---- Supplied material

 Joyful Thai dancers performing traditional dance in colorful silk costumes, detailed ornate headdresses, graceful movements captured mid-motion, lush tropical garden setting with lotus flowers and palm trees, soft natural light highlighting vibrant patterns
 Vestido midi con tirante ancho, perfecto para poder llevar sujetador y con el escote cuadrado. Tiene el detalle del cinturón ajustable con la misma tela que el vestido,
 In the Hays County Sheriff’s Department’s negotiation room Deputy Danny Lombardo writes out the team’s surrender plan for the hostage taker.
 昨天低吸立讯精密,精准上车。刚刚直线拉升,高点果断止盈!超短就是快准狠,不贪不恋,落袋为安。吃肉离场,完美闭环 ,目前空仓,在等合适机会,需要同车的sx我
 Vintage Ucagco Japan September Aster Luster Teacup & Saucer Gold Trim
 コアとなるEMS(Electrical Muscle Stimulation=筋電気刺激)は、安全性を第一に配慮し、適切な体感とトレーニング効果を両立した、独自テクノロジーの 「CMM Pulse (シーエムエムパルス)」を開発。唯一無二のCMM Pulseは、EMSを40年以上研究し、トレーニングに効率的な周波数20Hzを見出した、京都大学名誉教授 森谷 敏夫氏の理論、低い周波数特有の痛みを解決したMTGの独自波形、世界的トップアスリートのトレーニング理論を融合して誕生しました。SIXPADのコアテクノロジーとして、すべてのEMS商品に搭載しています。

--------
---- Supplied material

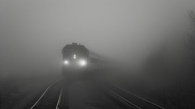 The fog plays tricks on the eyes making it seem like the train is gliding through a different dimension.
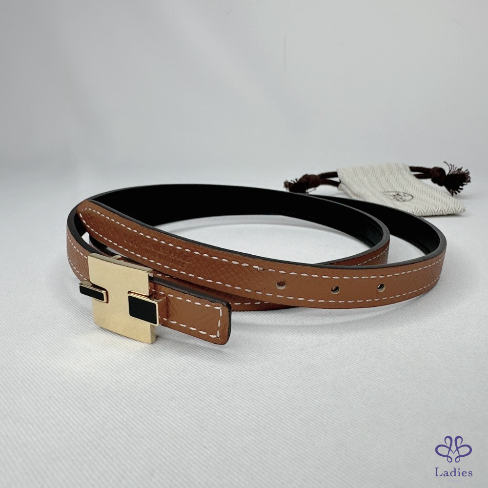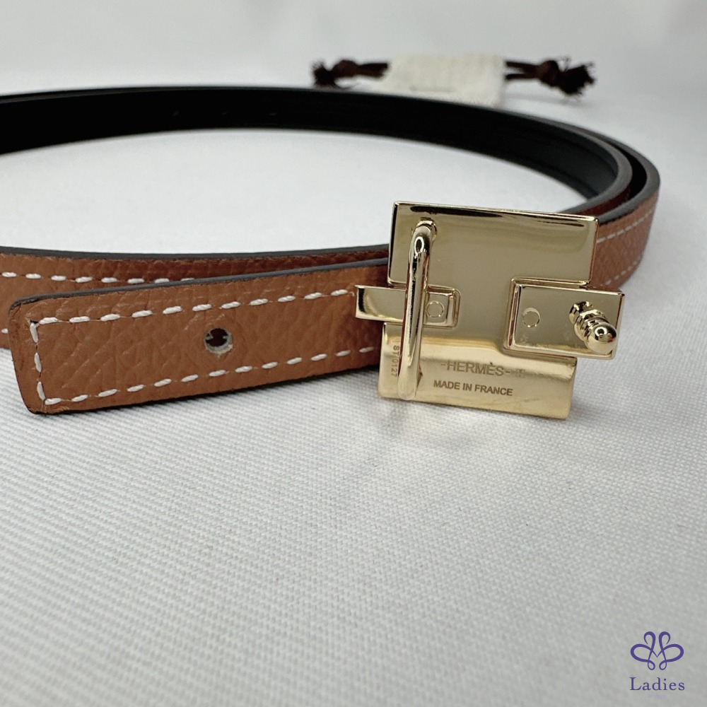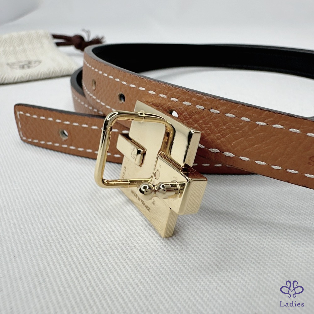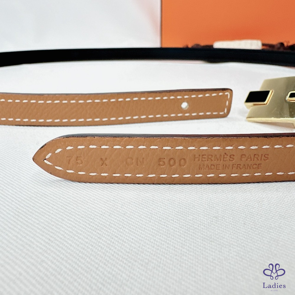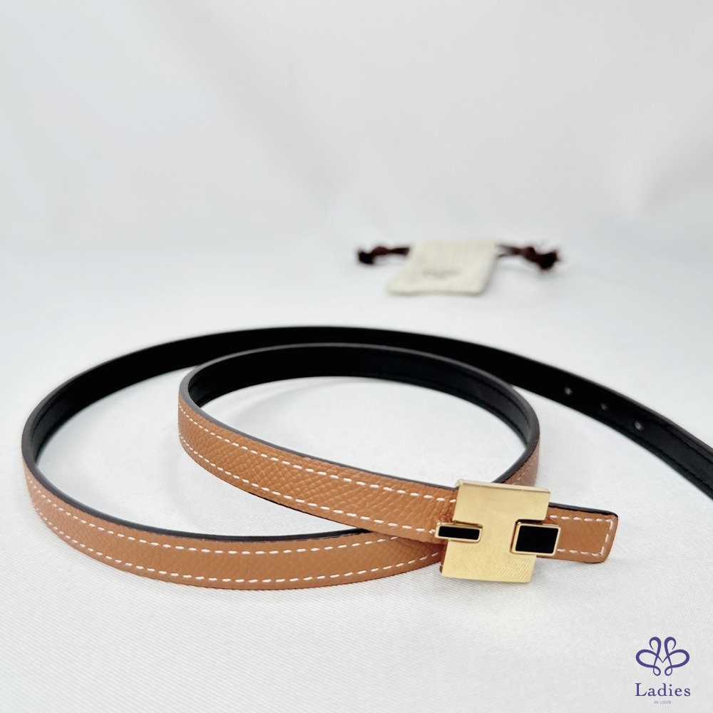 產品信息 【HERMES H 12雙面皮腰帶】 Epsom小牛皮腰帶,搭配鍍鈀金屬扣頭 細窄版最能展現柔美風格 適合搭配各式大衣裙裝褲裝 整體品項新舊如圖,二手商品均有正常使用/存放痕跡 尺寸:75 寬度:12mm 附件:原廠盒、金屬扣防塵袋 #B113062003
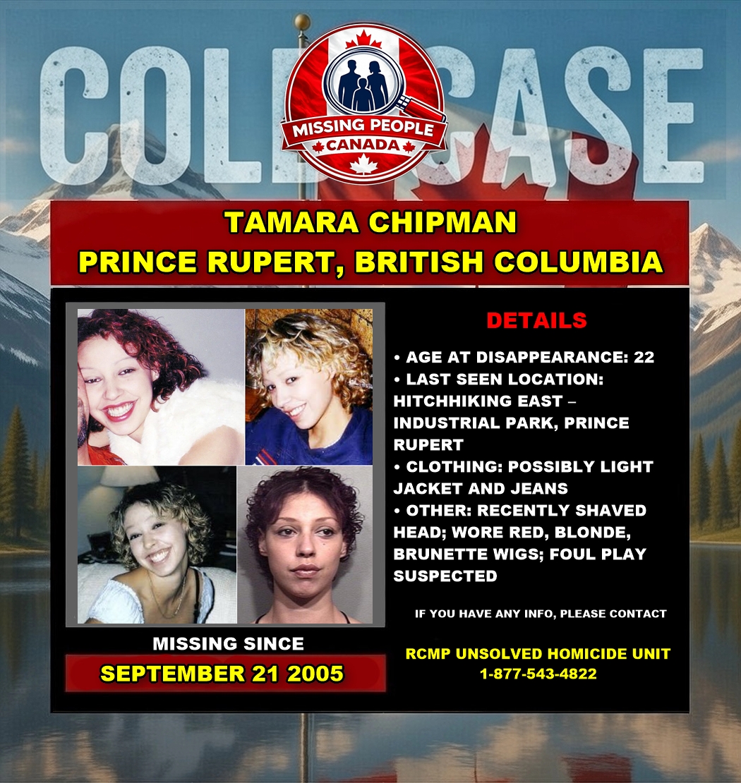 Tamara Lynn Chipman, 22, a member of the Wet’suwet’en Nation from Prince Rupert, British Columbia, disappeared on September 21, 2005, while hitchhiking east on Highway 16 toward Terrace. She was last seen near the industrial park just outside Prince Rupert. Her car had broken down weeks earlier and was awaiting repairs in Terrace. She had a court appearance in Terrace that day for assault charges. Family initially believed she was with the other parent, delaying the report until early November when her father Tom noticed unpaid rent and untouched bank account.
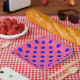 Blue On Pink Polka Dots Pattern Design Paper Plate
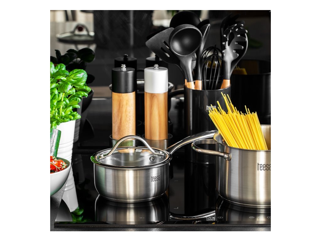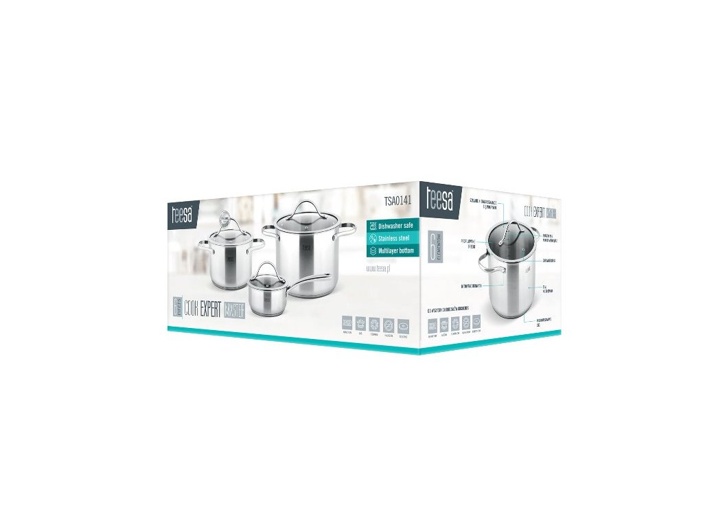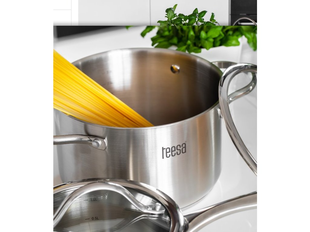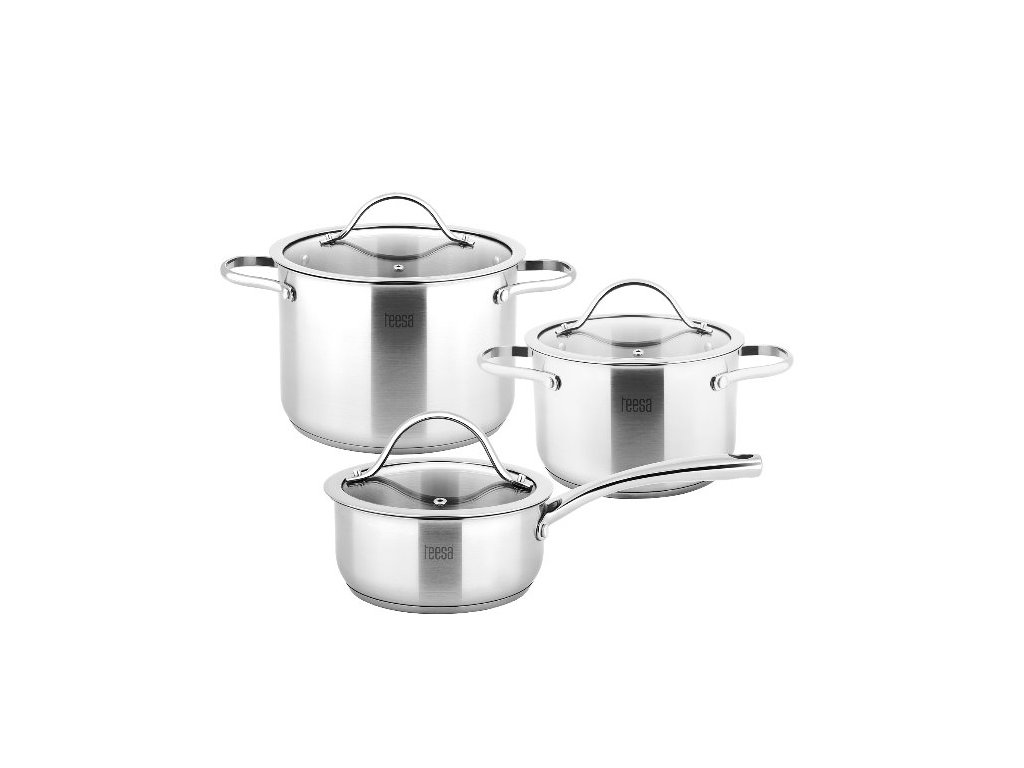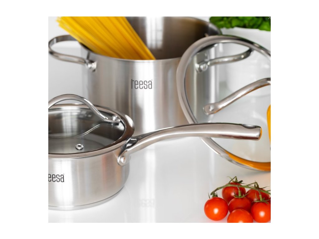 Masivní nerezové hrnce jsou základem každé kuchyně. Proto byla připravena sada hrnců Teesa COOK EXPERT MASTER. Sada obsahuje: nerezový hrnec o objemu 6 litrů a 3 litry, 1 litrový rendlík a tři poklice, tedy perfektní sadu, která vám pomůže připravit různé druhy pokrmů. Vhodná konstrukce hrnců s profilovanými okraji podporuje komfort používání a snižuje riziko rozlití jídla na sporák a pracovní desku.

--------

-- Work request --
Starting with the line above that holds "產品信息 【HERMES H", restate each line word for word up to and including the line that holds "Tamara Lynn Chipman, 22, a". Drop the pictures.

-- Response --
 產品信息 【HERMES H 12雙面皮腰帶】 Epsom小牛皮腰帶,搭配鍍鈀金屬扣頭 細窄版最能展現柔美風格 適合搭配各式大衣裙裝褲裝 整體品項新舊如圖,二手商品均有正常使用/存放痕跡 尺寸:75 寬度:12mm 附件:原廠盒、金屬扣防塵袋 #B113062003
 Tamara Lynn Chipman, 22, a member of the Wet’suwet’en Nation from Prince Rupert, British Columbia, disappeared on September 21, 2005, while hitchhiking east on Highway 16 toward Terrace. She was last seen near the industrial park just outside Prince Rupert. Her car had broken down weeks earlier and was awaiting repairs in Terrace. She had a court appearance in Terrace that day for assault charges. Family initially believed she was with the other parent, delaying the report until early November when her father Tom noticed unpaid rent and untouched bank account.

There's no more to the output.